Single women had 2 choices to survive, either 1) marriage; or, 2) prostitution, and Moabite women in Israel might be pushed more toward option # 2. According to the prophet Samuel who wrote this book, Rut was righteous, so how are the characters going to treat this Moabitess who chose Naami and her people over her own? Who would Rut marry? Who would she choose? Would she be accepted? Will her children be accepted?
Naami was a righteous woman and not naive. For Rut and Naami's continued survival, they were going to have to act. She in wisdom encouraged Rut toward Boaz in a rather definitive and bold move. Essentially Rut proposed marriage to Boaz by sleeping near him at the harvest campsite. Regardless of whether that means they had sex, the point is she flirted in such an explicit manner as to propose marriage to him. Boaz was thrilled by her proposal, and states explicitly he was glad to be chosen over younger men and her more immediate family redeemers. He praises her righteousness, exclaims how hard working and how loyal to her mother in law she was. Boaz could see she was modest in the fields with the young guys around. He immediately went about removing any barriers to their marriage, thus accepting her into his home and the community. This benefit of including the righteous stranger into the community was a great one that impacted not only Naami but the union was to produce kings. This fact is hidden in the name of Naami's deceased husband Elimelech (to me the kingdom).
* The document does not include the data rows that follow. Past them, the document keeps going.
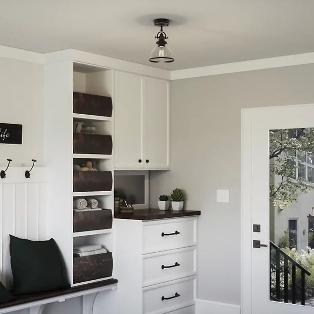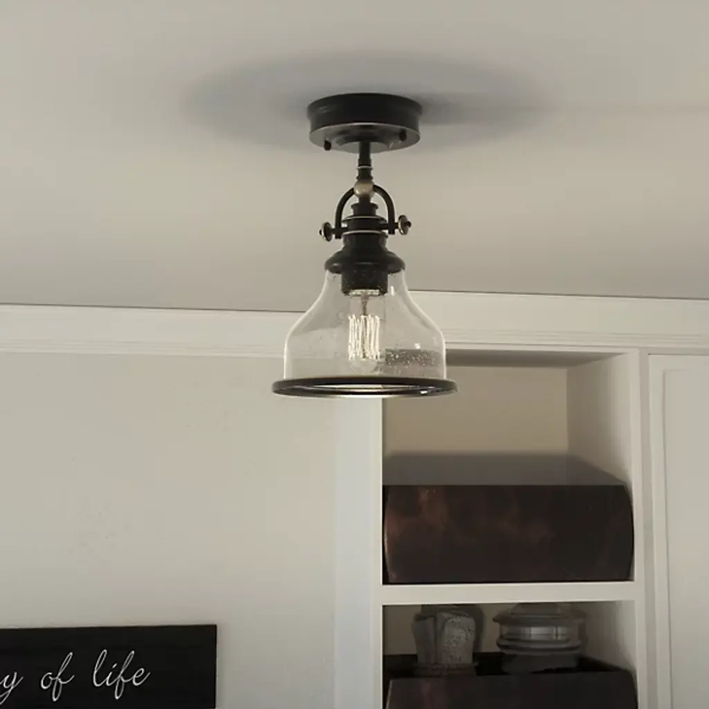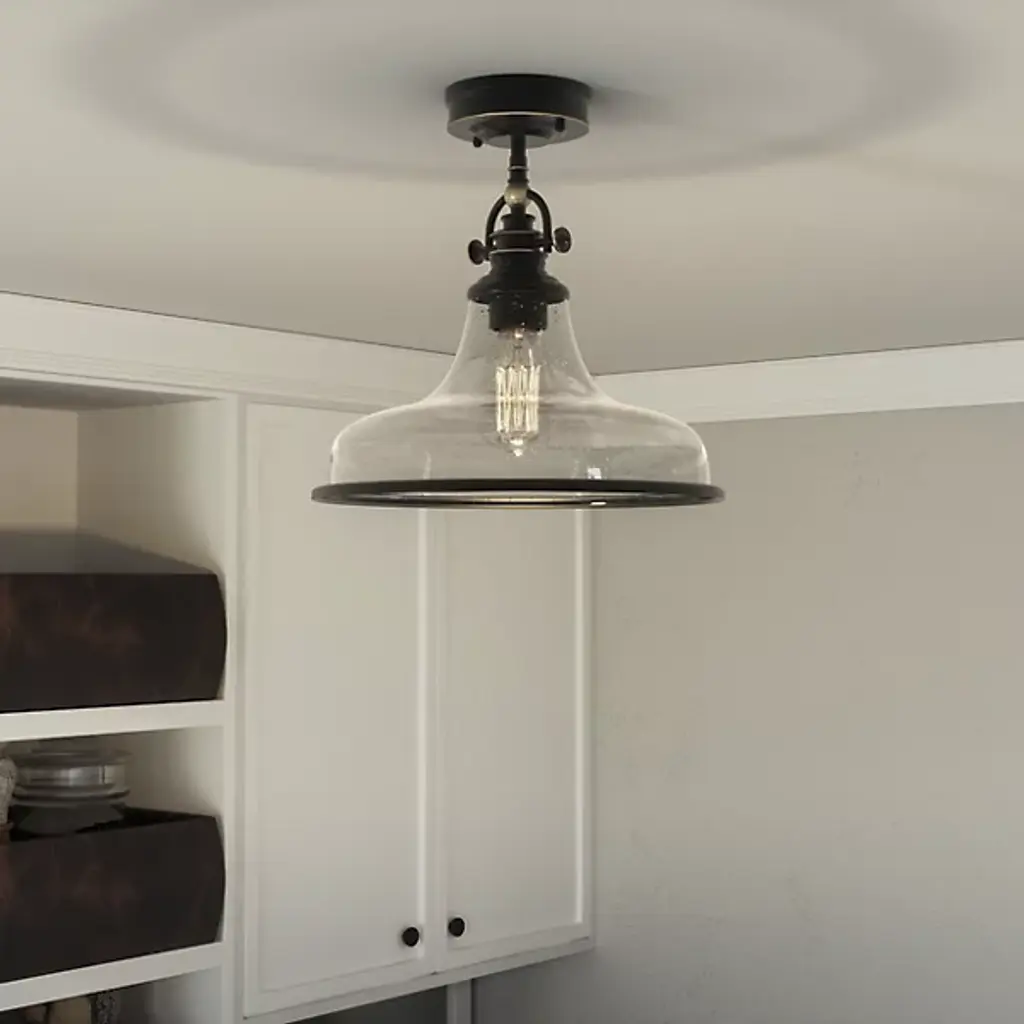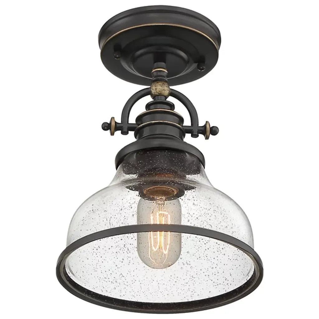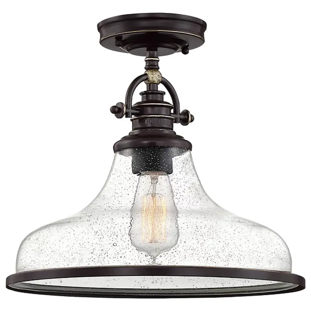 The Grant Semi Flushmount by Quoizel draws inspiration from vintage fixtures while offering a transitional twist for the modern home. A stepped steel canopy drops a segmented socket base suited with visible fasteners for an industrial element. A clear seeded glass shade flares outward widely, covering a single incandescent bulb inside. The glass is finished with a steel ring, offering a bold touch that modernizes the piece and adds contrast.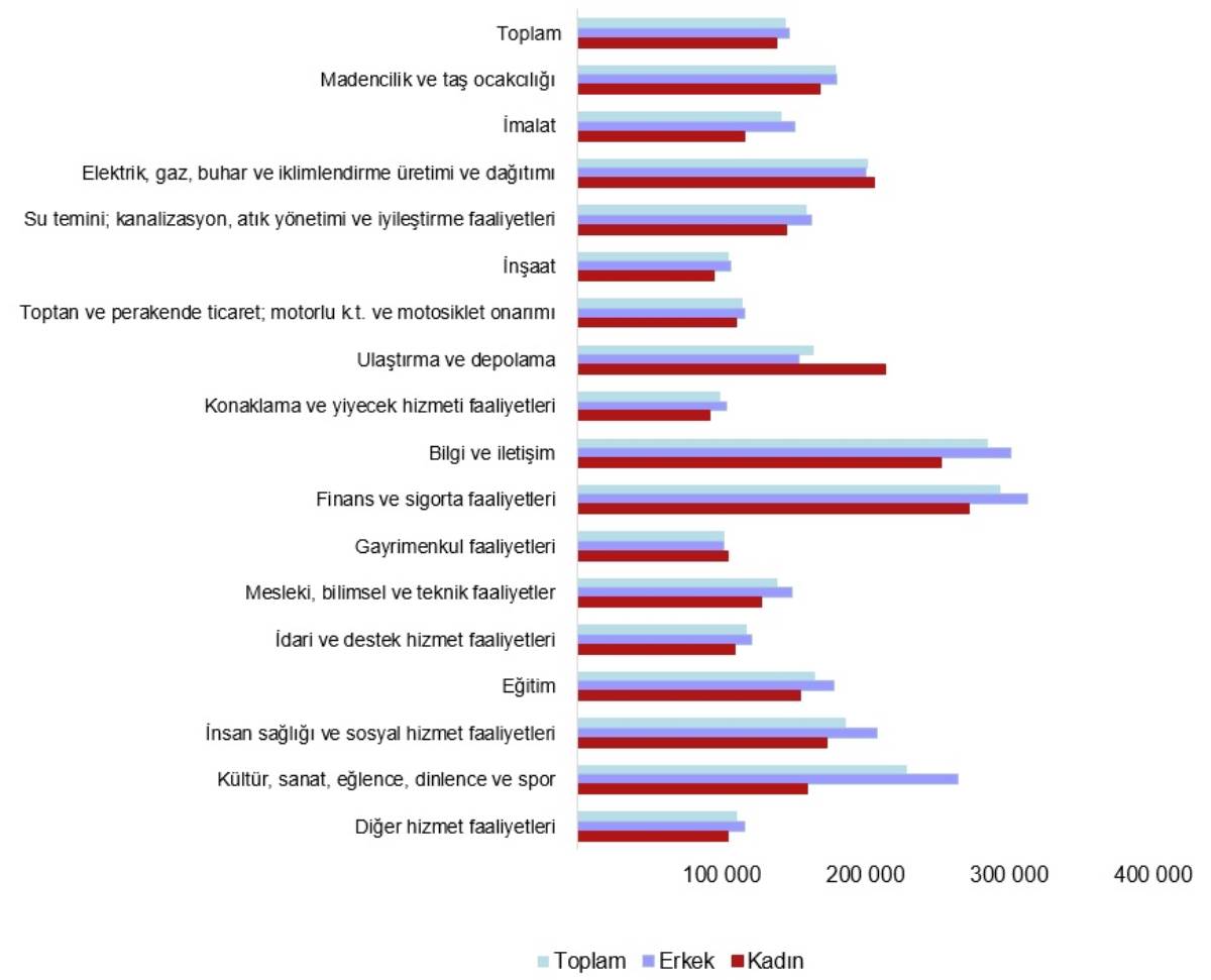 Ekonomik faaliyet sınıflamasına göre kadın çalışanların yıllık ortalama brüt kazancı ulaştırma ve depolama faaliyetinde 213 bin 810 TL, elektrik, gaz, buhar ve iklimlendirme üretimi ve dağıtımı faaliyetinde 206 bin 633 TL ve gayrimenkul faaliyetlerinde 104 bin 387 TL ile bu sektörlerdeki erkek çalışanların yıllık ortalama brüt kazancının üzerinde gerçekleşti.
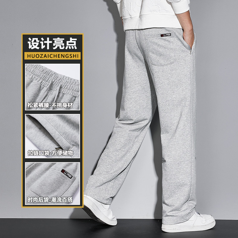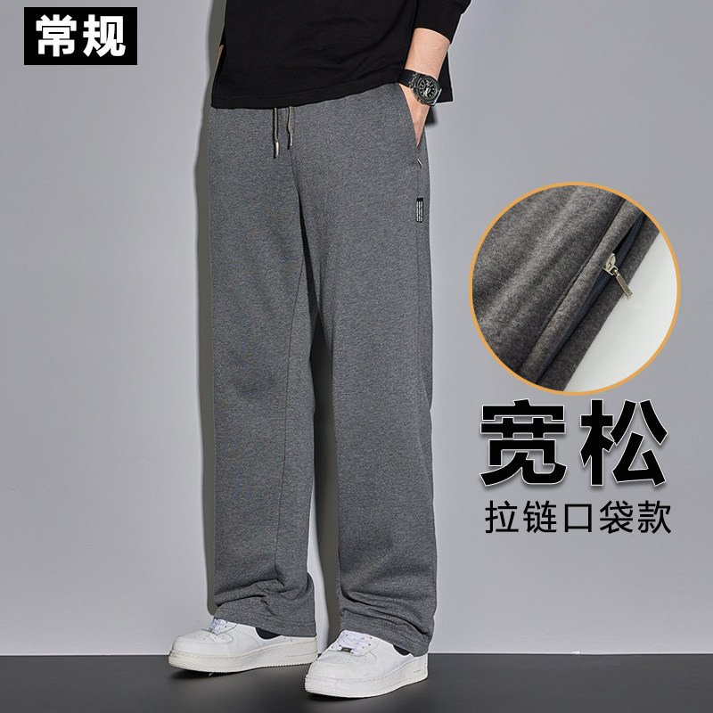 百搭裤 直筒宽松休闲裤 子拉锁运动裤 春秋男款 男士 青少年长裤 卫裤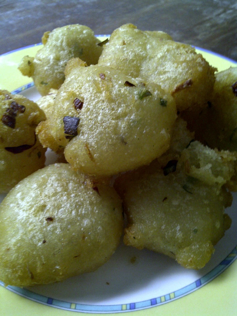 - Bentuk dengan sendok makan, goreng dengan api sedang hingga berwarna kecoklatan.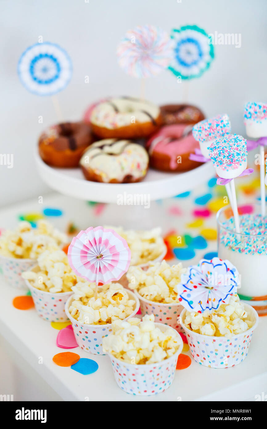 Donuts And Other Sweets On Dessert Table At Kids Birthday
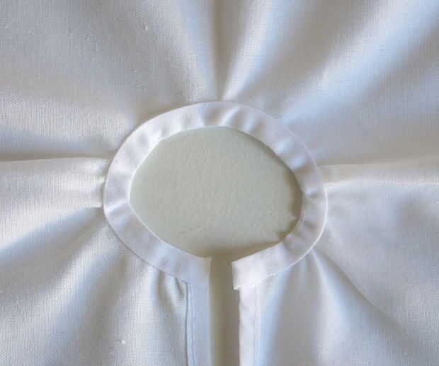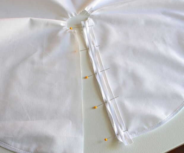 Usted puede coser la cinta alrededor del círculo interno si su árbol de la falda él grande, pero si es pequeño como el mío es mucho más fácil pegar en. Antes de pegar o coser, verifique que su recolecta es agradable e incluso. Al usar el pegamento, no necesita abrir la cinta completamente - sólo despliegan una vez pegamento la mitad a lo largo de la parte superior y voltea la falda y repita del otro lado.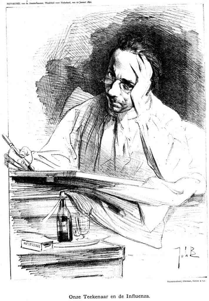 This spare image is fascinating, appearing when an influenza epidemic had prevailed for more than two months in the city of Amsterdam, at a dramatic cost of nearly one in thirty residents every week. The artist, his own medicaments at hand, seems to be contemplating, not so much his own clinical predicament, but how to represent the crisis in visual terms. The self-portrait might represent his interim solution to a dilemma he is not sure how to address satirically. (The irregular Bijvoegsel supplement was most often humorous in content.)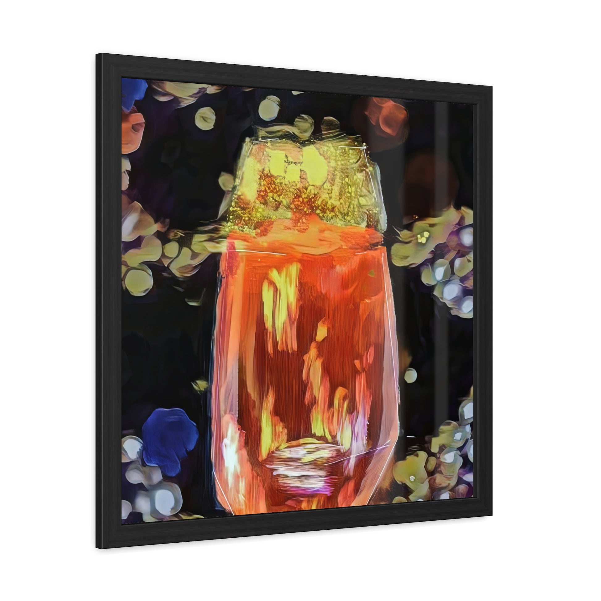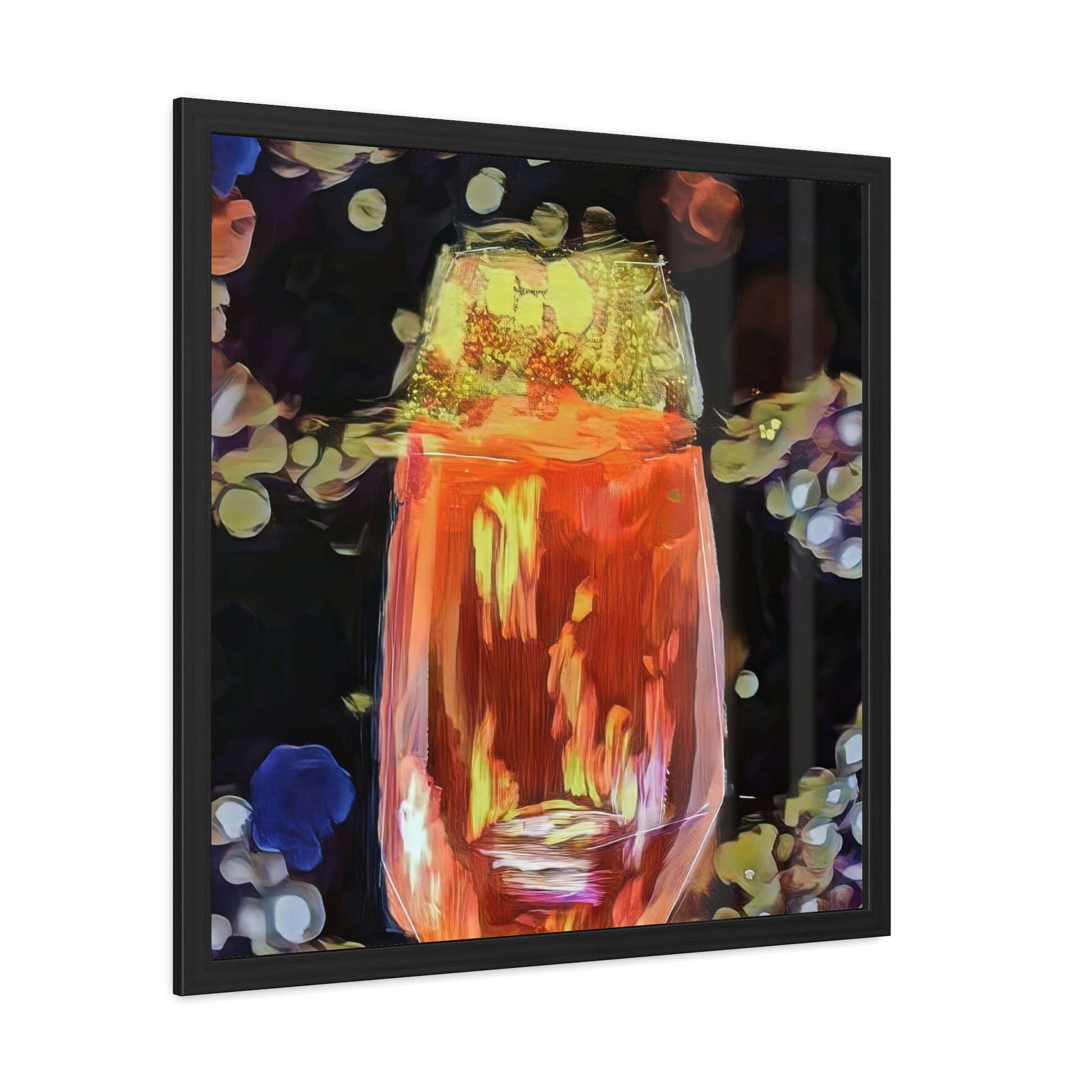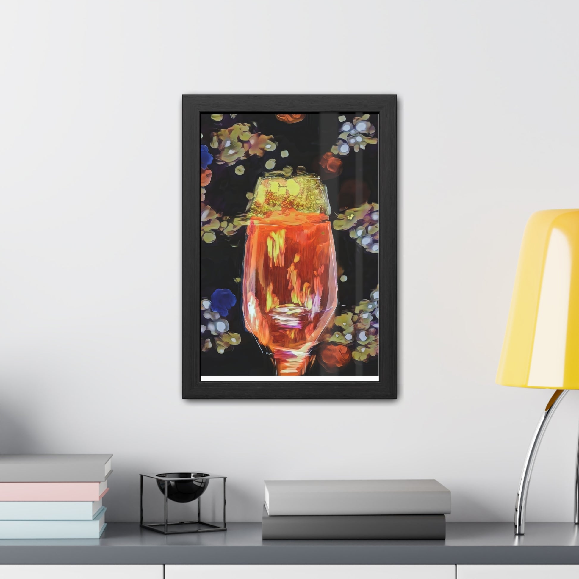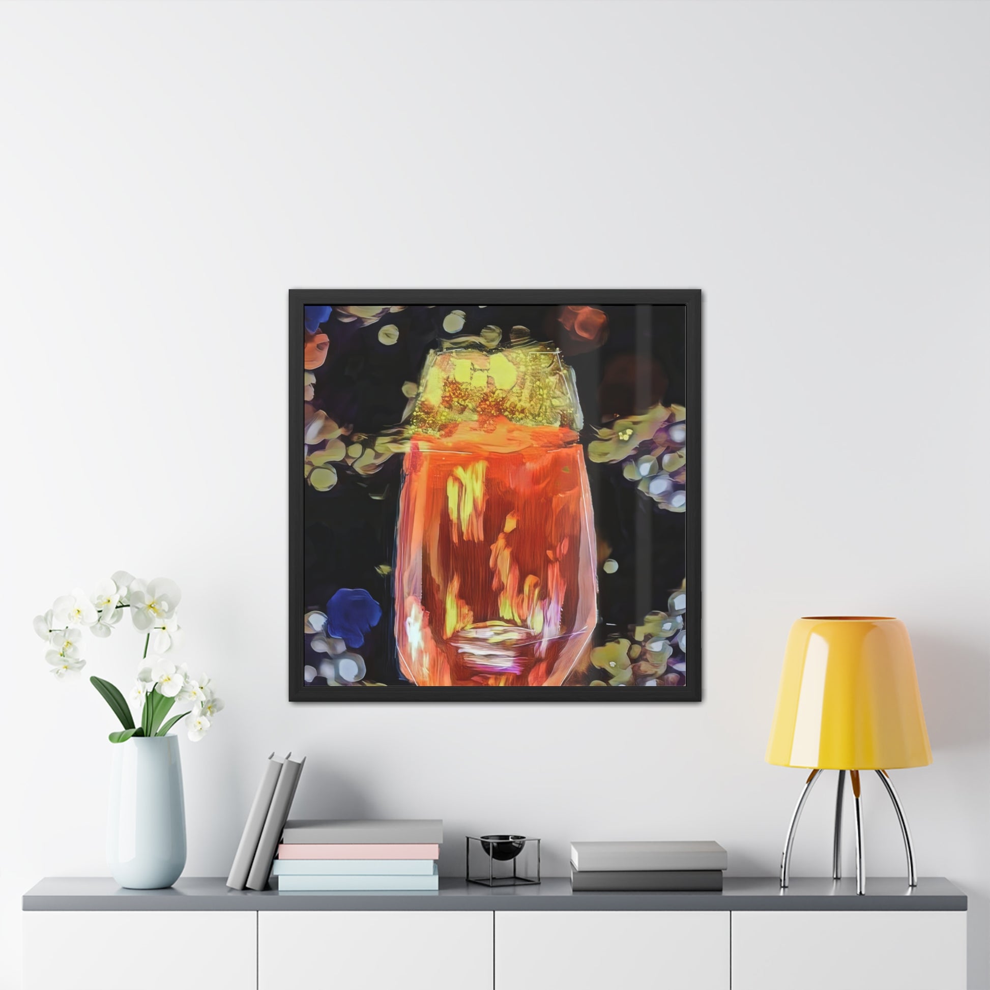Vibrant wine glass painting with a bokeh backdrop effect, perfect for adding a pop of color to your walls. This framed poster is ideal for art enthusiasts and wine lovers, creating a modern and stylish atmosphere in any room. Great for home decor, gifting, birthdays, celebrations, and special occasions.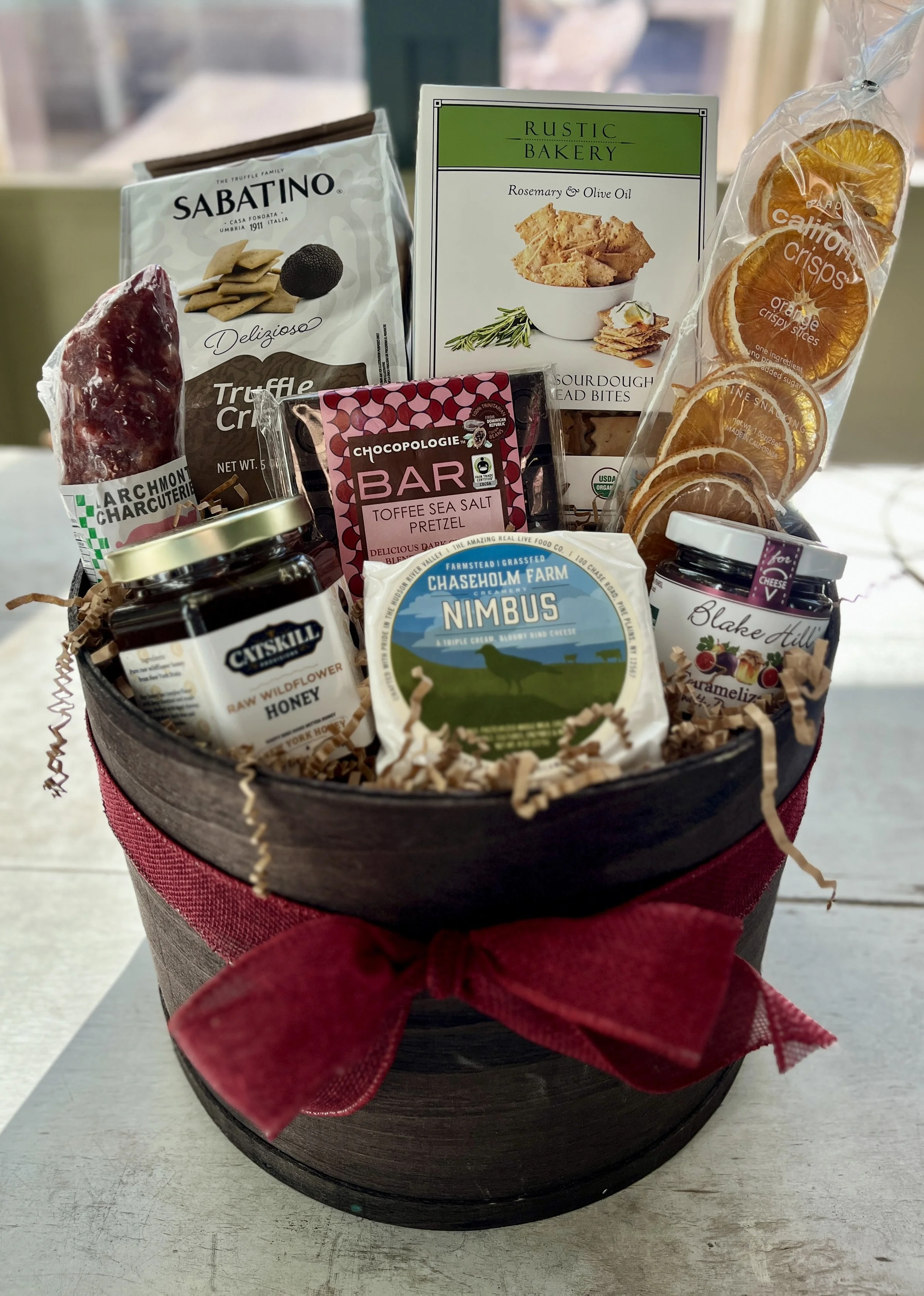 Tis the season to gather and toast to our many fortunes. We hope you’ll have time to share with your loved ones and we’re here to make your planning easier. Whether you’re looking to thank your hosts with a beautiful gift basket or to gather around a custom cheese board, we’ve got what makes your holidays memorable.

Although she is not considered one of Israel's seven prophetesses, http://www.dafyomi.co.il/general/info/48prophets.pdf the book was written by the prophet Samuel who anointed David HaMelech, knowing he was descended from this Moabite convert. Just as the Holy One is hidden in this story, the kingship alluded to in this union. Samuel chose what seemed the unlikely choice, David haMelech, as did Naami and Rut. They looked at the inner person, not the lineage or externalities, and so can we.